The military members from the lower classes were not prepared in 1963-64 to play a role in internal political developments. In 1979 they were.

The stability of the Iranian regime, therefore, is based upon its acceptance by the lower classes. Because under the shah these people were disenfranchised, their only recourse was to religious authority. Historically, Iran had been ruled by an imperial elitist minority. The majority of Iranians viewed the government as an institution to be avoided. Their salvation depended upon their being good Muslims and this meant adherence to clerical authority.

This attitude underpins the current government. The Islamic Republic may not be the best government, but because it is Islamic, poor Iranians can identify with it, even if their support has waned since the death of Ayatollah Khomeini.

In Iran today, religious authority is personified by Supreme Leader Ayatollah Ali Husayni-Khamenei's view of Iran's problems as the struggle between secular influence and religious authority. This is the underlying theme in all his public utterances. Internally, emphasis is placed on protection of the Revolution. The motivating force behind Iran's foreign policy is the export of the Revolution and the conversion of both Sunni Muslims and others to Shi'i Islam.

The Majlis is determined not to produce another shah.

Iran therefore is the major supporter of fundamentalist movements in the Muslim world. It views Palestine as the preeminent fundamentalist issue, and supports the use of violence in its opposition to the Israeli-Palestinian peace agreement.

Iran's recognition of Islamic control of the holy land as a key fundamentalist issue has put Iran in conflict with the non-Muslim world and those Muslim states who support the peace process. This, the continued demand for Salman Rushdie's execution, and assassinations in Europe of Iranian opposition leaders help explain Iran's on-again off-again relations with several European states.

The current struggle between secular influence and religious authority in Iran is best exemplified by the satellite dish crisis. An Iranian who has a satellite dish has access to three different satellites. There are approximately half a million satellite dishes in Tehran alone, and recently they began appearing in all of the cities and major towns in Iran.
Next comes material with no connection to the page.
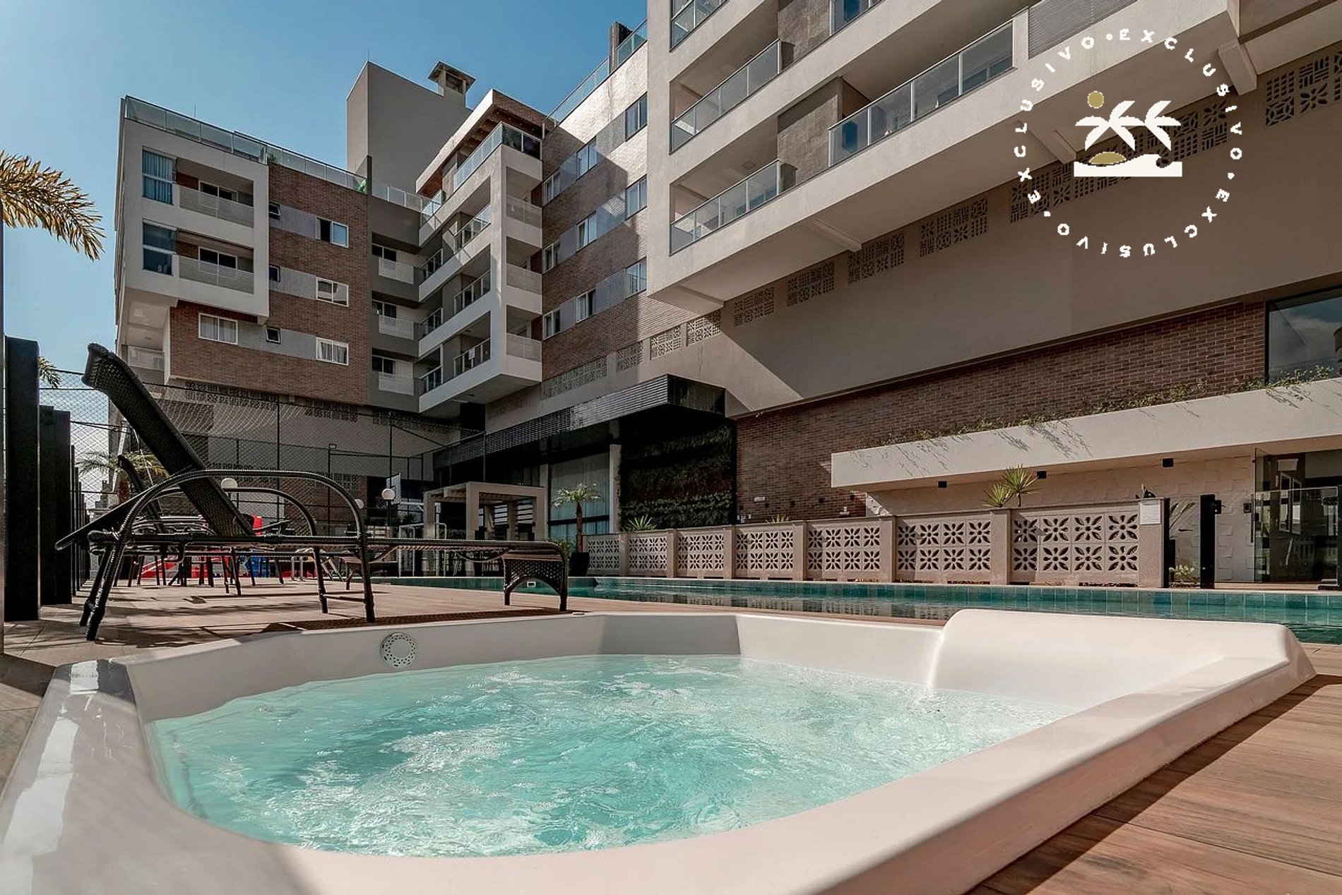 - Áreas disponíveis para hóspede: piscina, jacuzzi, quadra de esportes, parquinho infantil, academia e sala de jogos.

The government, at the insistence of Supreme Leader Khamenei, submitted a bill calling for a ban on the production, importation, sale and use of these dishes. In December, the Majlis approved the ban.

Even though the government has succeeded in eliminating satellite dishes, however, it is in no position to do anything about the large number of VCRs in widespread use even among Iran's poorer classes.

The major political problem may not be the increasing secular influence in Iran, but the lack of a truly functional executive. Ultimate power rests with the Majlis, which is determined not to produce another shah. Therefore the constitution was changed at the time of the last Majlis elections, splitting the executive into two offices. These are the office of the president, who can serve only for two terms of four years each, and the office of the supreme leader, who serves for life.

The weakness of the executive was recognized by current president Ali Akbar Hashemi Rafsanjani. When Ali Akbar Nateq Nuri became speaker of the Majlis, in his first speech he declared the main aim of the current Majlis must be to strengthen the executive. To date no steps have been taken in this direction, however.

The supreme leader, Ayatollah Khamenei, has attempted to strengthen his position by assuming the mantle of the spiritual leader of all Shi'i. This position has been in dispute since the death of Grand Ayatollah Khoei. The Iraqi Shi'i accept Ayatollah Sistani as the rightful heir to Khoei's mantle. Much to the chagrin of Ayatollah Khamenei, Sheikh Muhammad Husayn Fadlallah, the spiritual leader of Lebanon's Shi'i majority, has thrown his support to Ayatollah Sistani.

The 1996 Majlis elections and/or the 1997 presidential vote may therefore produce a political crisis in Iran. The current system has proven to be a cumbersome way of devising and implementing policies. Either it must change, or the government will be changed.

George Cave is a retired U.S. government official who worked for many years in Iran and on Iranian affairs in Washington, DC.